Teach you to use PHP to grab data without blocking IP!
Brothers engaged in data collection understand that the biggest headache is the target site suddenly give you an IP ban. Last month I helped customers to catch the price of an e-commerce platform, just run for two days to receive a 403 warning, this time it is necessary to sacrifice theproxy IPThis is a big killer now.
Basic equipment preparation
First of all, the entire PHP environment can be used to confirm that the curl extension installed. Here is a pitfall to note: some servers do not open the default curl, you have to go to php.ini to remove the extension=curl in front of the semicolon.
if (!function_exists('curl_init')) {
die('Go get the curl extension turned on!) ;
}
Naked Capture Code
Let's see what an unprotected code looks like first:
$url = 'https://target-site.com/data';
$ch = curl_init();
curl_setopt($ch, CURLOPT_URL, $url);
curl_setopt($ch, CURLOPT_RETURNTRANSFER, true);
$result = curl_exec($ch);
curl_close($ch);
This is not half an hour quasi-blocked, especially when the collection frequency is high. Last week, a buddy with this writing method, half an hour changed 6 server IP, angry directly drop the keyboard.

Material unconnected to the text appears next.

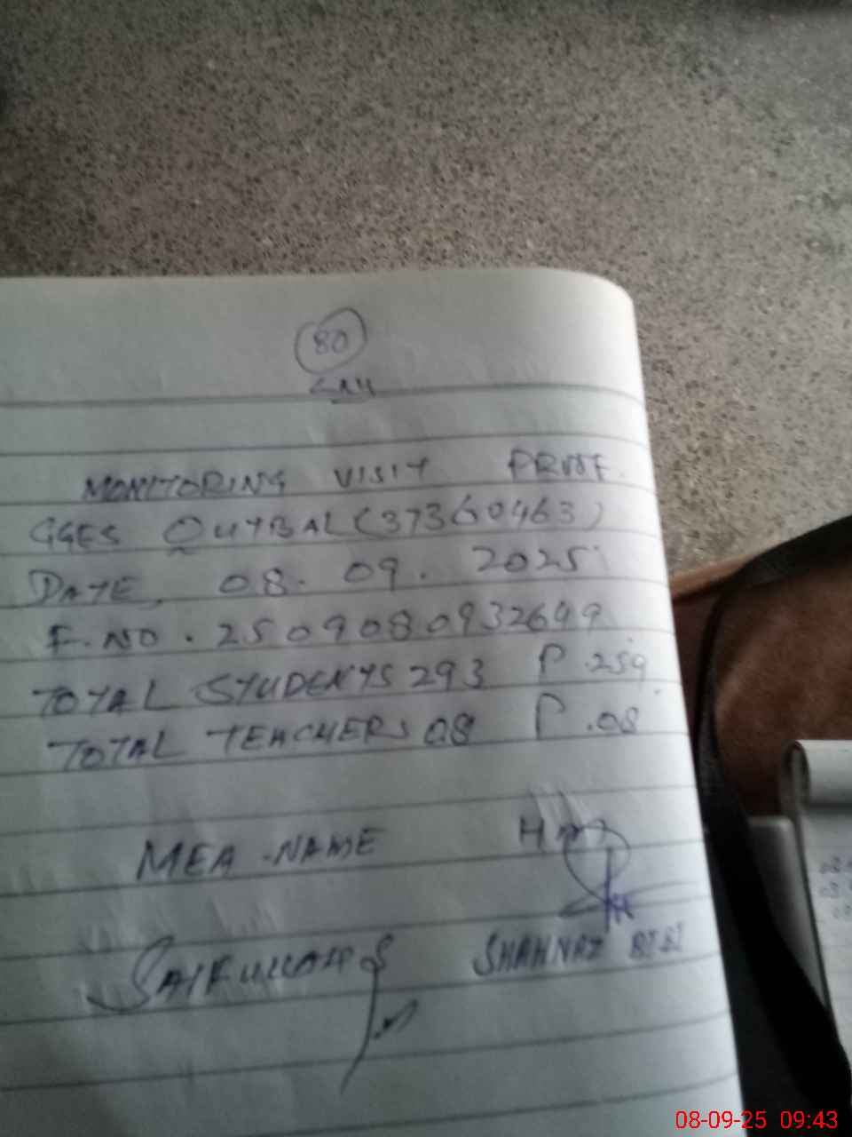 | Monitoring Date: 08-09-2025 | Start Time: 08-09-2025 09:20 AM | End Time: 08-09-2025 09:43 AM | Name of MEA: Sa**** | |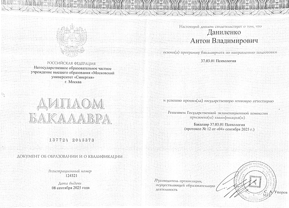 • Московский университет «Синергия», психология, 2021–2025 гг.

Put a bulletproof vest on your code.
Here's the kicker! To hook up ipipgo's proxy to curl, the code has to be changed to look like this:
$proxy = 'proxy.ipipgo.com:9021'; // fill in the channel provided by ipipgo here
$auth = 'username:password'; //authentication information generated in the backend
$ch = curl_init();
curl_setopt($ch, CURLOPT_URL, $targetUrl);
curl_setopt($ch, CURLOPT_PROXY, $proxy); curl_setopt($ch, CURLOPT_PROXY, $proxy);
curl_setopt($ch, CURLOPT_PROXYUSERPWD, $auth); curl_setopt($ch, CURLOPT_PROXYUSERPWD, $auth)
curl_setopt($ch, CURLOPT_TIMEOUT, 15); curl_setopt($ch, CURLOPT_TIMEOUT, 15);
//... Leave the rest of the settings untouched
Note three key points:
1. Proxy address with port number, don't miss it
2. Authentication information is not a website account, it is unique to the ipipgo backend.
3. Set a shorter timeout, 15 seconds is enough for most scenarios.
A practical guide to avoiding the pit
Real-life situation I recently encountered while helping a customer with a deployment:
| symptomatic | cure |
|---|---|
| Return to blank page | Check proxy address for protocol headers (http/https) |
| Frequent timeouts | Switching line areas in the ipipgo console |
| Unstable speed | Enable automatic IP switching, set the interval to 30 seconds. |
Veteran Driver Experience Package
1. collection of large amounts of time, it is recommended to use ipipgo's dynamic residential agent, personally tested daily average of 100,000 requests do not turn over!
2. Don't use free agents for important projects, last time someone was greedy for cheap, the result is to collect all the advertising code.
3. Set the User-Agent to disguise the browser, but do not use too popular, easy to be detected
Frequently Asked Questions QA
Q: What should I do if my proxy IP suddenly fails?
A:Enable "Failover" in the background of ipipgo, the system will switch to a new IP in seconds.
Q: How can I tell if a proxy is in effect?
A: add curl_getinfo($ch, CURLINFO_PRIMARY_IP) to the code to see the actual export IPs
Q: How to handle high concurrent acquisition?
A: Use ipipgo's API to dynamically obtain the proxy pool, assign independent IPs to each thread, and remember to control the frequency of requests.
Finally, a lesson in tears: a certain time did not check the availability of the proxy, resulting in the collection of all the wrong data. Later, I found that ipipgo provides online testing tools, and now I run a testing script before each start, which is much more worrying.